Mantida concessão de tutela antecipada a idoso em ação movida contra a Fazenda Pública de São Paulo
Por Luiz Manoel Guimarães
“Tratando-se de cidadãos enquadrados legalmente como idosos, é possível a concessão de antecipação de tutela contra a Fazenda Pública para garantir a percepção imediata de verba de natureza alimentar, necessária à sua própria subsistência.” Sob essa fundamentação, a 10ª Câmara do TRT da 15ª julgou improcedente uma ação cautelar inominada movida pela Fazenda Pública do Estado de São Paulo, que pretendia a concessão de liminar para imprimir efeito suspensivo a um recurso ordinário interposto contra decisão proferida pelo juízo da 3ª Vara do Trabalho de Ribeirão Preto.
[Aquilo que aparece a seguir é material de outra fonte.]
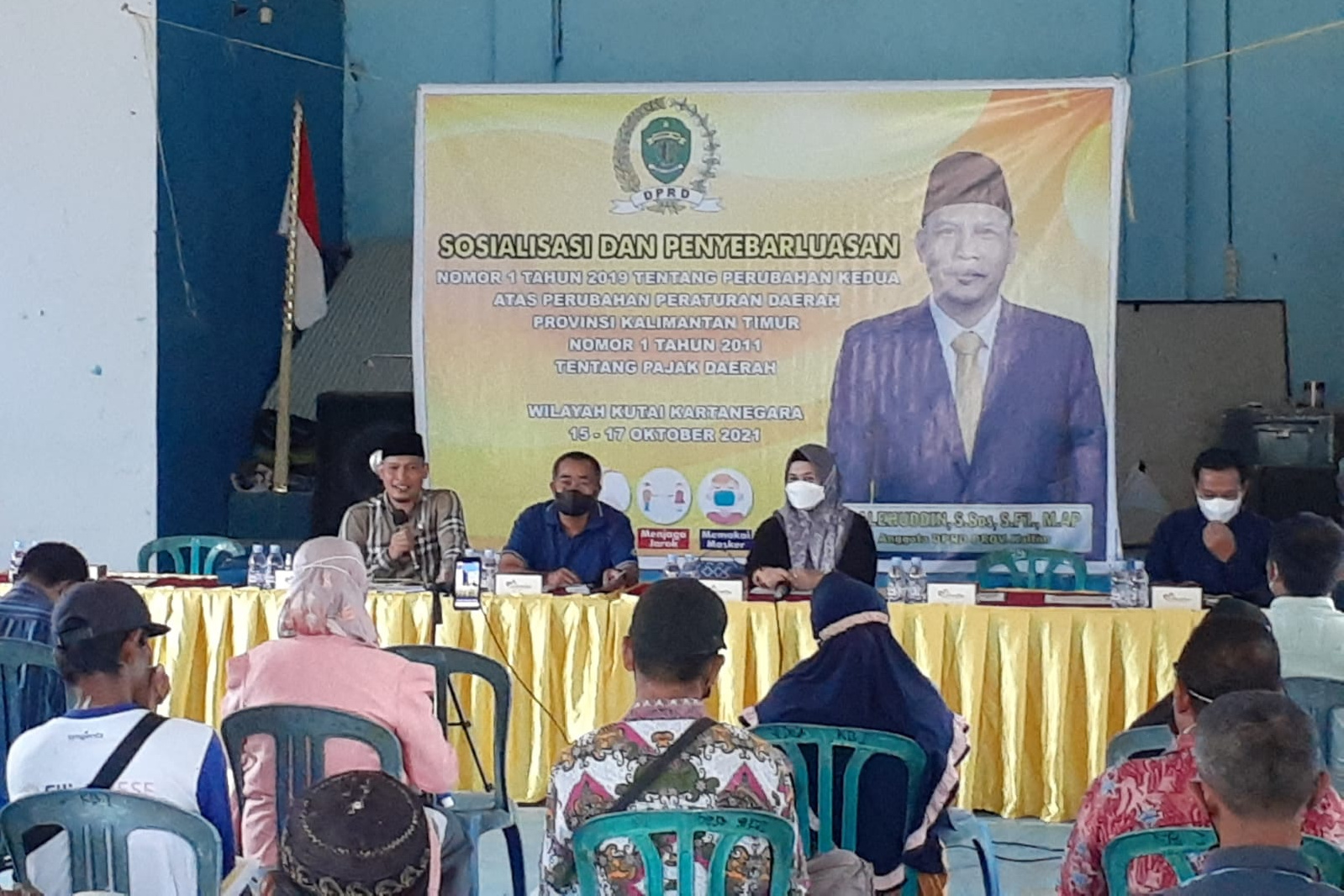 KUKAR (KutaiRaya.com) - Sekretaris Komisi IV DPRD Kaltim Salehuddin S.Sos, S.Fil, M.Si, kembali melaksanakan kegiatan kedewanan setiap bulan yakni Sosialisasi dan Penyebarluasan Perda nomor 1 tahun 2019, tentang perubahan kedua atas Perda nomor 1 tahun 2011 tentang pajak daerah.

A decisão de 1ª instância concedeu a antecipação dos efeitos da tutela no sentido de que a Fazenda Pública do Estado de São Paulo, independentemente do trânsito em julgado da sentença, fizesse, no prazo de trinta dias a partir da publicação da sentença, a inclusão em folha de pagamento do valor correto da complementação de aposentadoria deferida ao reclamante, que completou 85 anos em 16 de maio passado. Na cautelar, a Fazenda invocou o artigo 2º-B da Lei nº 9.494/1997, incluído pela Medida Provisória nº 2.180-35, de 24 de agosto de 2001: “A sentença que tenha por objeto a liberação de recurso, inclusão em folha de pagamento, reclassificação, equiparação, concessão de aumento ou extensão de vantagens a servidores da União, dos Estados, do Distrito Federal e dos Municípios, inclusive de suas autarquias e fundações, somente poderá ser executada após seu trânsito em julgado”. No entendimento da Fazenda, a manutenção da medida implicaria “prejuízo irreversível ao ente público”.
“Embora não se negue vigência ao dispositivo legal invocado pela requerente, é importante ressaltar que o legislador assegurou ampla proteção ao cidadão idoso, por intermédio de um feixe de normas muito abrangente, estendendo essa proteção também aos interesses que estejam sendo discutidos em juízo, a fim de garantir prioridade na solução da demanda”, ponderou, em seu voto, o relator do acórdão, desembargador Fernando da Silva Borges. Segundo o magistrado, a proteção legal garantida atualmente aos idosos do País resulta de “dois dos fundamentos da República Federativa do Brasil, a dignidade da pessoa humana e os valores sociais do trabalho (Constituição Federal, artigo 1º, incisos III e IV)”.
Em referência à Carta Magna e ao Estatuto do Idoso (Lei nº 10.741/2003), Borges argumentou que “o exame dessas disposições legais deixa claro que “tanto o legislador constituinte quanto o legislador ordinário pretenderam conferir à dignidade da pessoa humana maior relevância que a outros bens jurídicos tutelados pela legislação vigente, dentre os quais o risco de irreversibilidade do provimento antecipado, mesmo implicando eventual prejuízo à Fazenda Pública”.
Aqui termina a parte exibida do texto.